I'm also still interested in knowing what the Ferrari deal was regarding their over-performing engine that was hushed up by the FIA.
Me too... We know they were running a higher fuel flow rate (that much is in the public domain), and so if they'd had the standard 100kg of fuel in the tank, they would have run out of fuel well before the end of the race. And we know that you have to have a certain volume left in the tank at the end for the mandatory sample. The Astons fell foul of that last year, losing them a podium.
F1 did go through a phase of using really trick fuels, additives, chilling the fuel to get more into the tank (back then, fuel was by volume not by weight at ambient temperature under current rules) and thus being able to run a much richer mixture, but then they pulled the plug on all that and specified pump fuels. Makes you wonder how "pump fuel" the pump fuel actually is...
And whether someone might have had a finger on the scales somewhere so they could put more into the tank to allow them to run that increased fuel rate.
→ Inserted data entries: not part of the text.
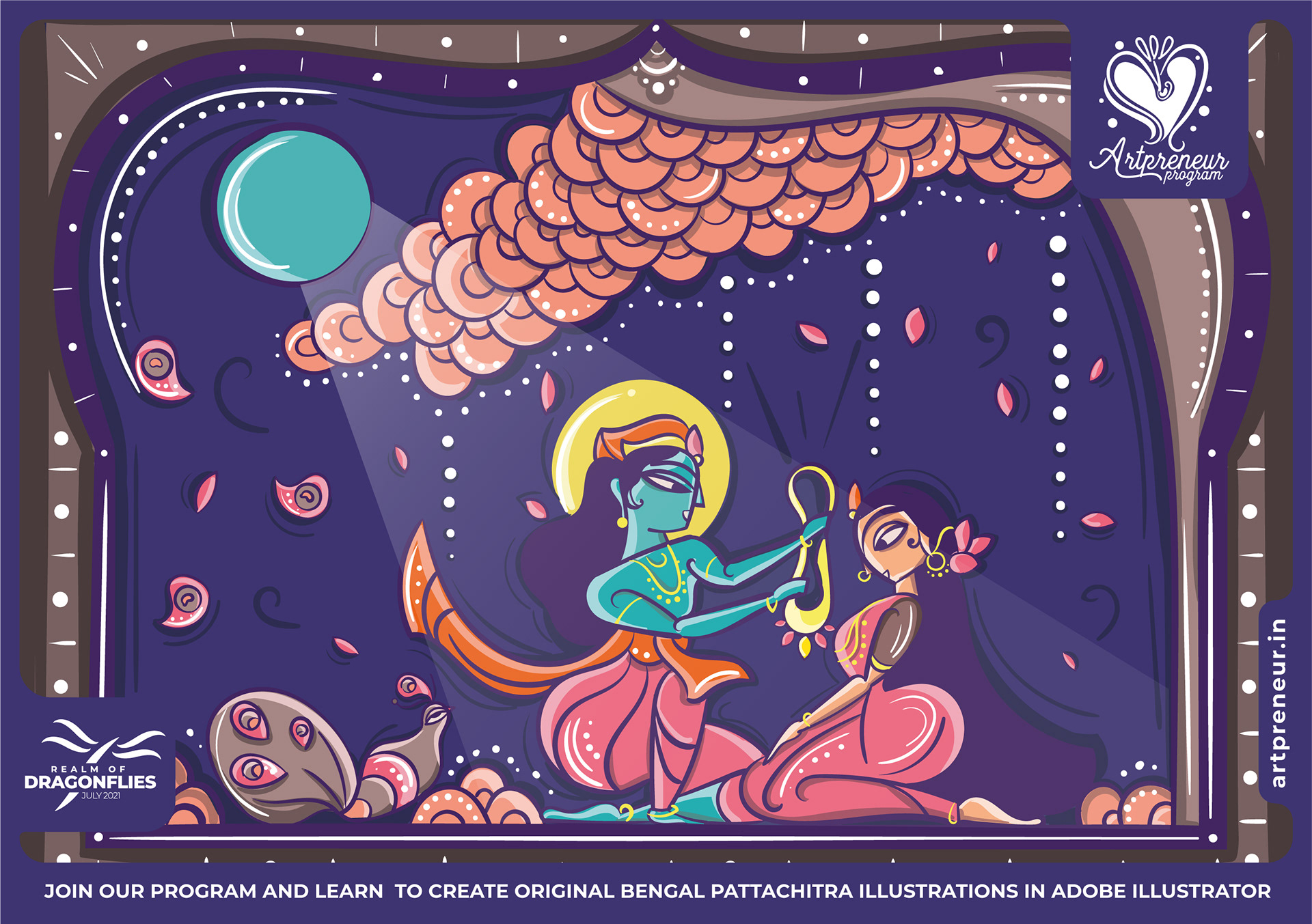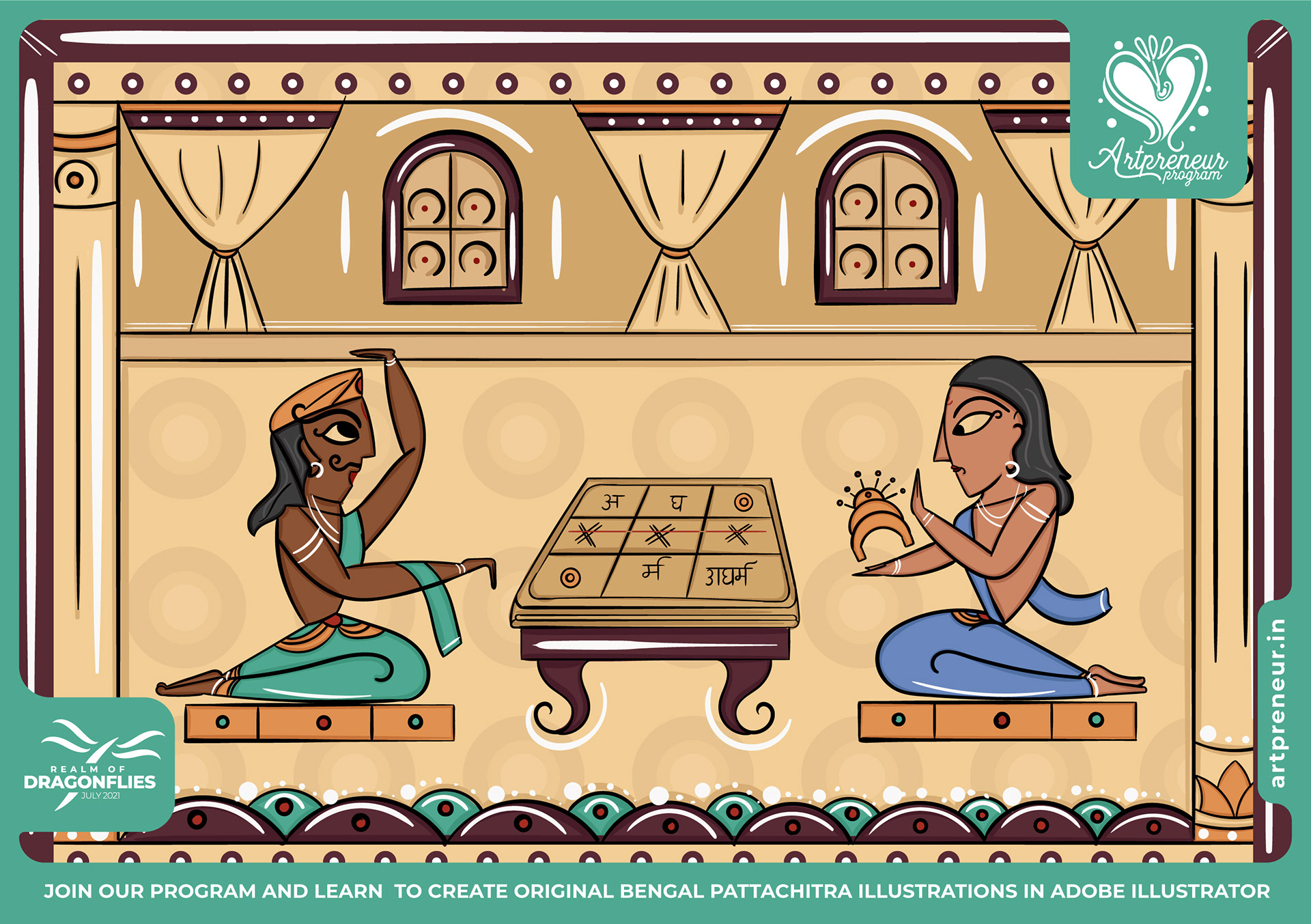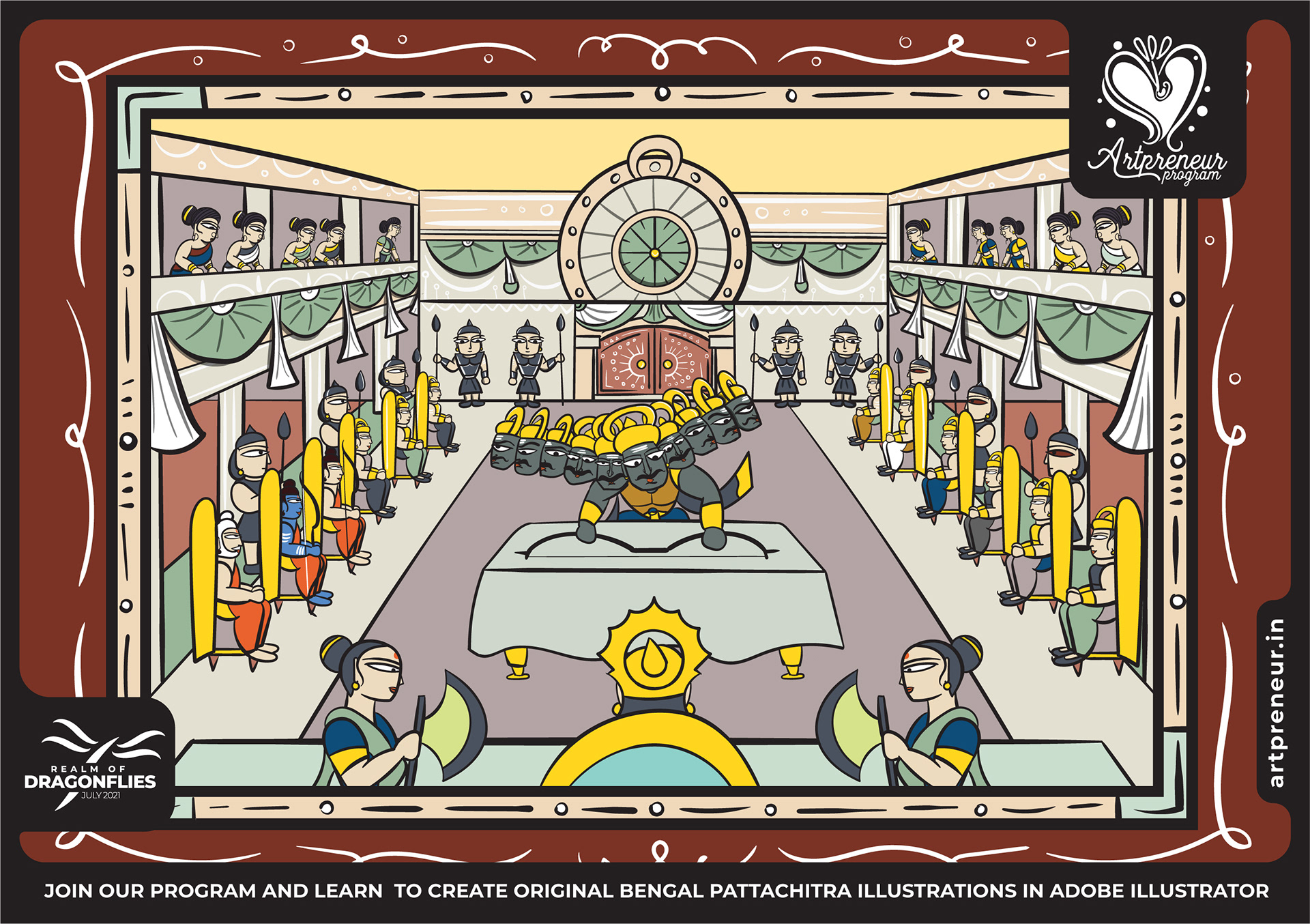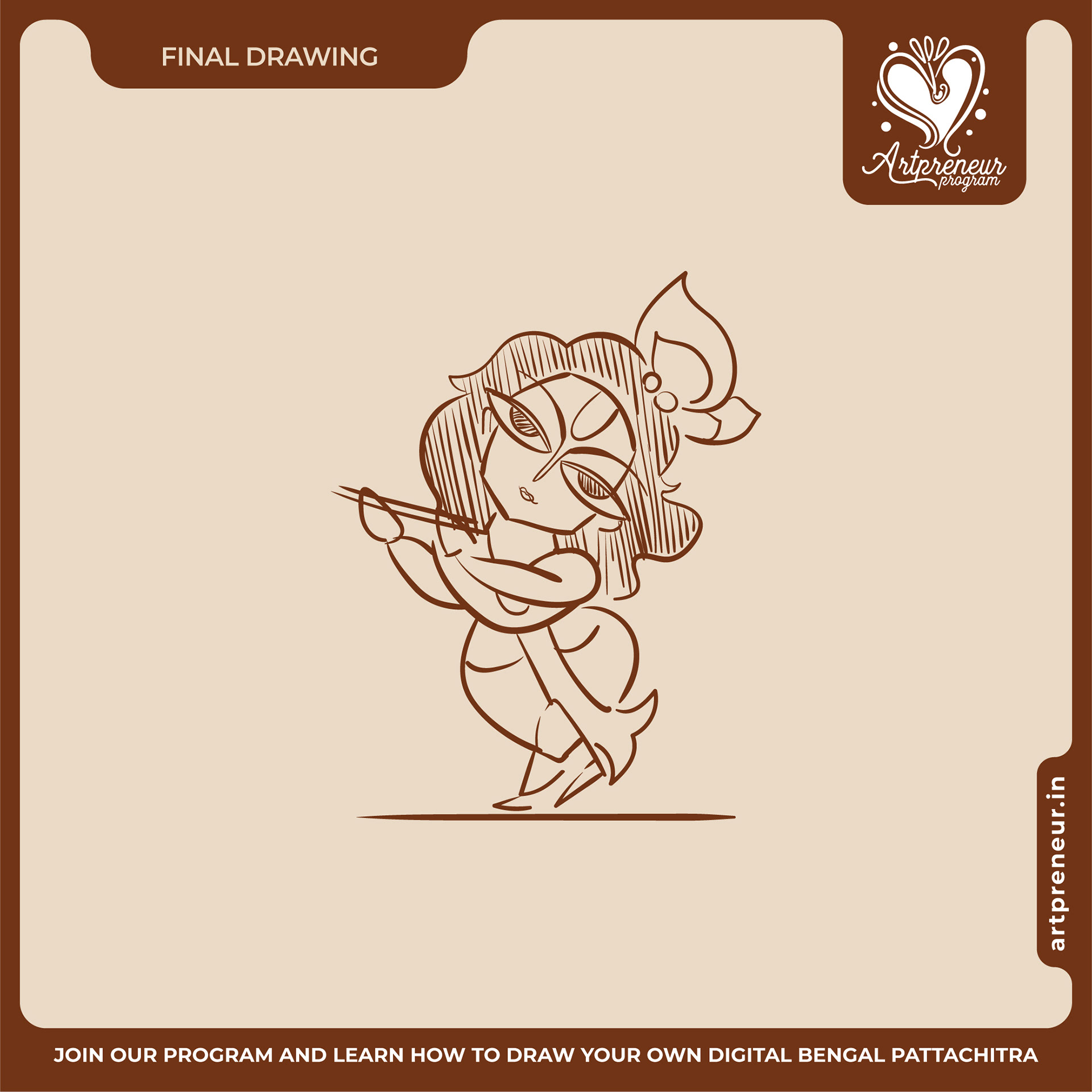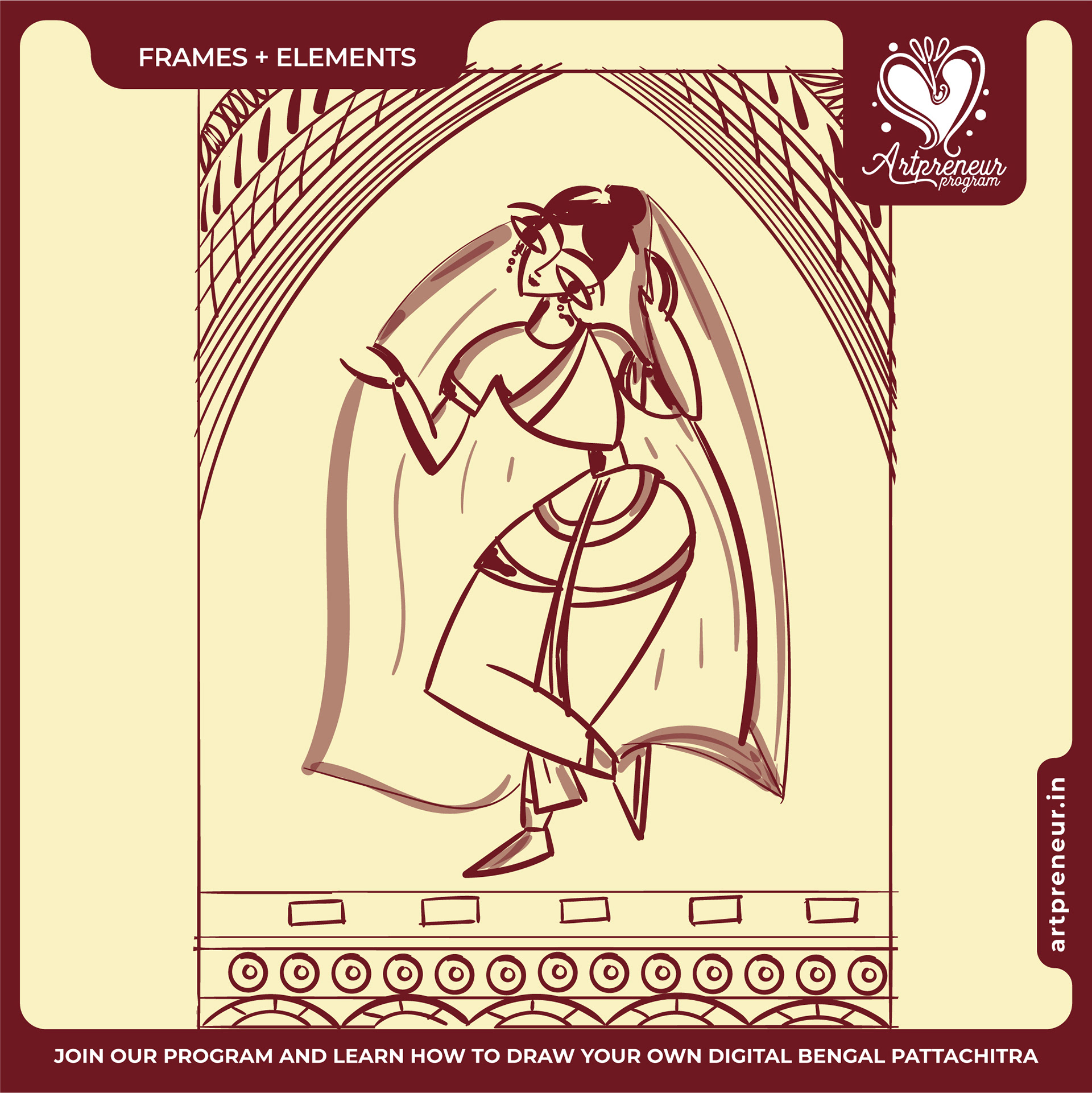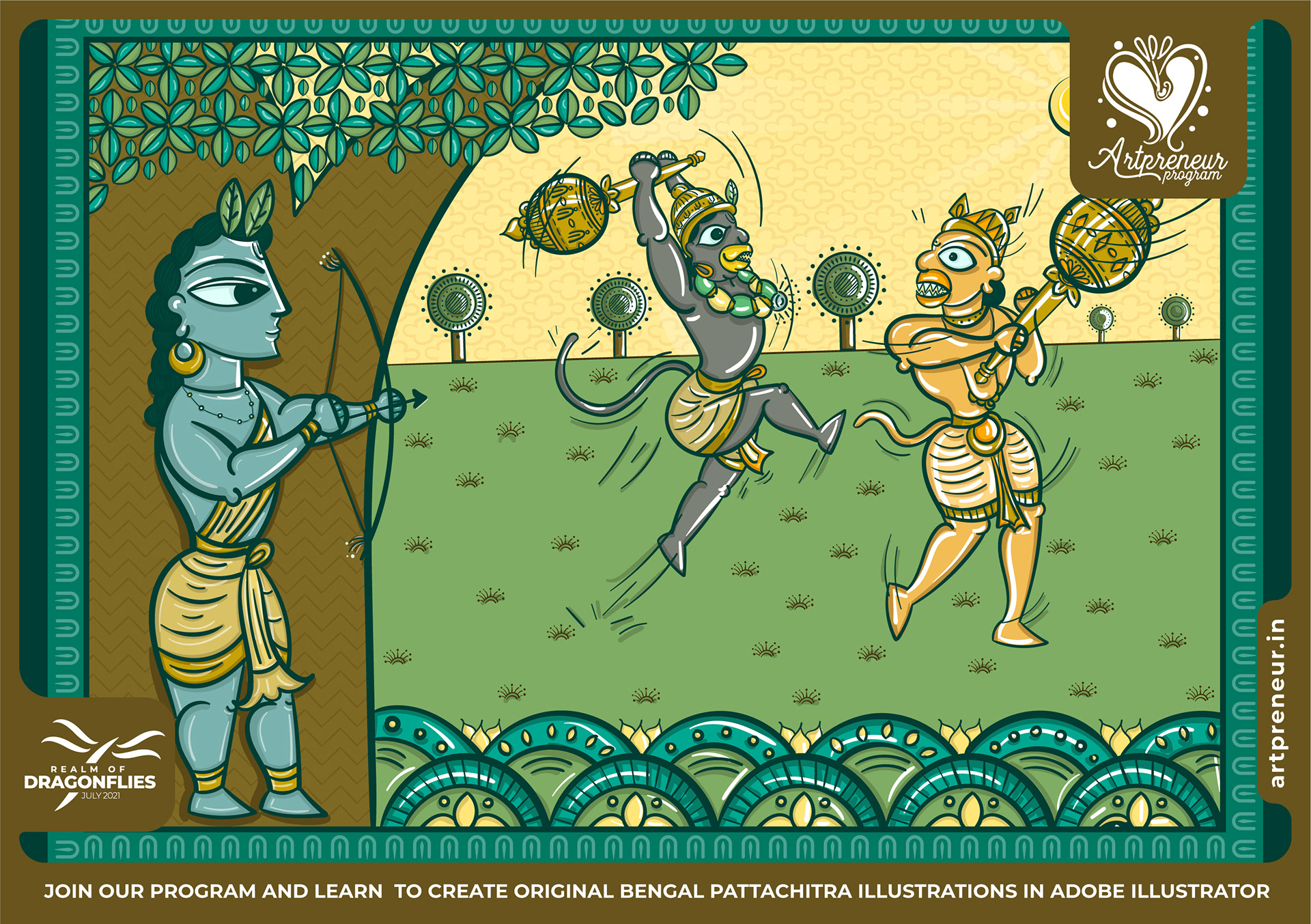 The Bengal Pattachitra Illustrations, Doodles and Sketches are done by the Realm of Dragonflies Batch students of Artpreneur Online Program. They have not had any prior experience and knowledge in illustrations or folk art forms.
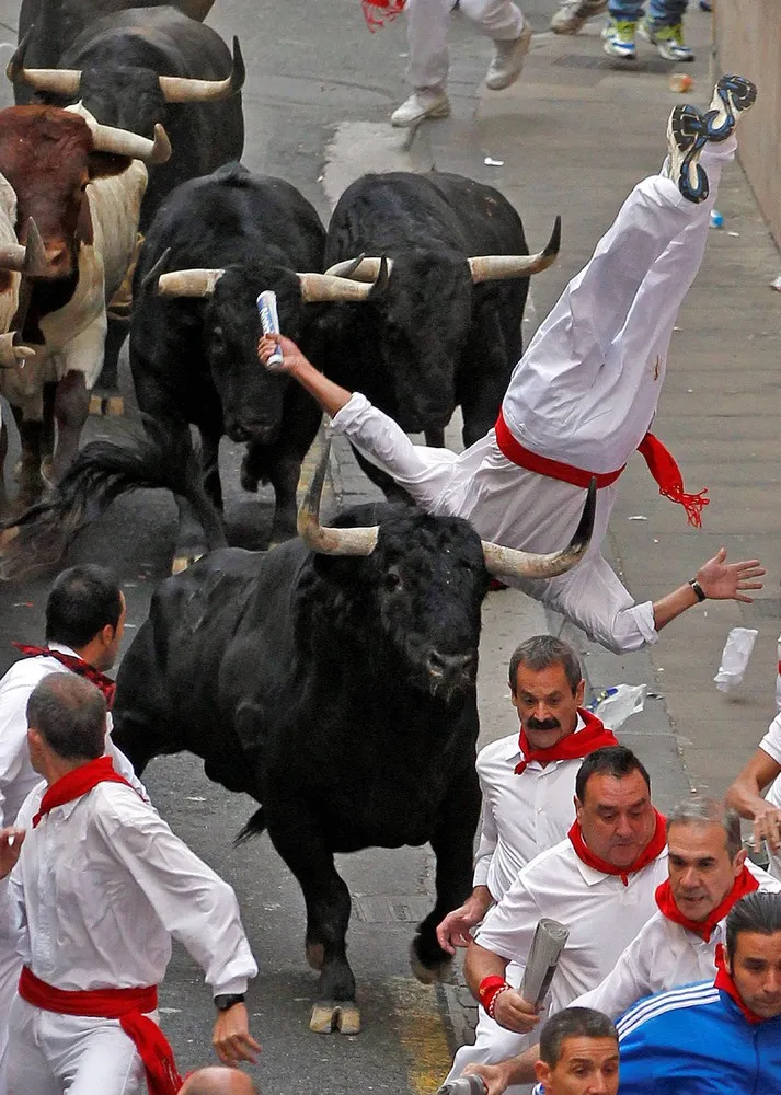 In this photo taken Thursday, July 10, 2014, Fernando Echaburu of Spain is tossed in the air by a fighting bull from the Garcigrande ranch after being gored in the leg during a running of the bulls at the San Fermin festival in Pamplona, Spain. (Photo by Diario de Navarra/AP Photo/Javier Sesma)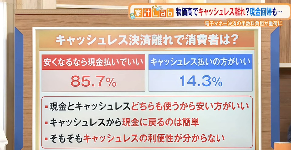 では、消費者は便利なキャッシュレス決済の方がいいのか、それとも少しでも安くなるなら現金払いでもいいのか。番組でアンケートをとったところ「安くなるならば現金払いでいい」が85.7%。「キャッシュレス払いがいい」が14.3%でした。

From F1's commercial standpoint, it makes sense to have Ferrari being competitive, as they have such a massive global following. As Sam Bird said on the R5 commentary, it's not a car brand, it's a religion. So all the marketing, merchandise, bums-on-seats at the circuits and such...
But apart from brief bursts of competitiveness, Ferrari are generally typically Italian - badly organized, full of infighting between drivers and between team personnel, bumbling, making stupid mistakes. The history of F1 is littered with the evidence. The cynic in me says they need that, erm, "helping hand" to stop them from reverting true-to-type.
I will admit I'm not a Ferrari fan and never really have been. My allegiances to teams and drivers have been reasonably peripatetic since the early 90s as interest has waxed and waned, although these days, I'm firmly a McLaren / Lando Norris kind of girl.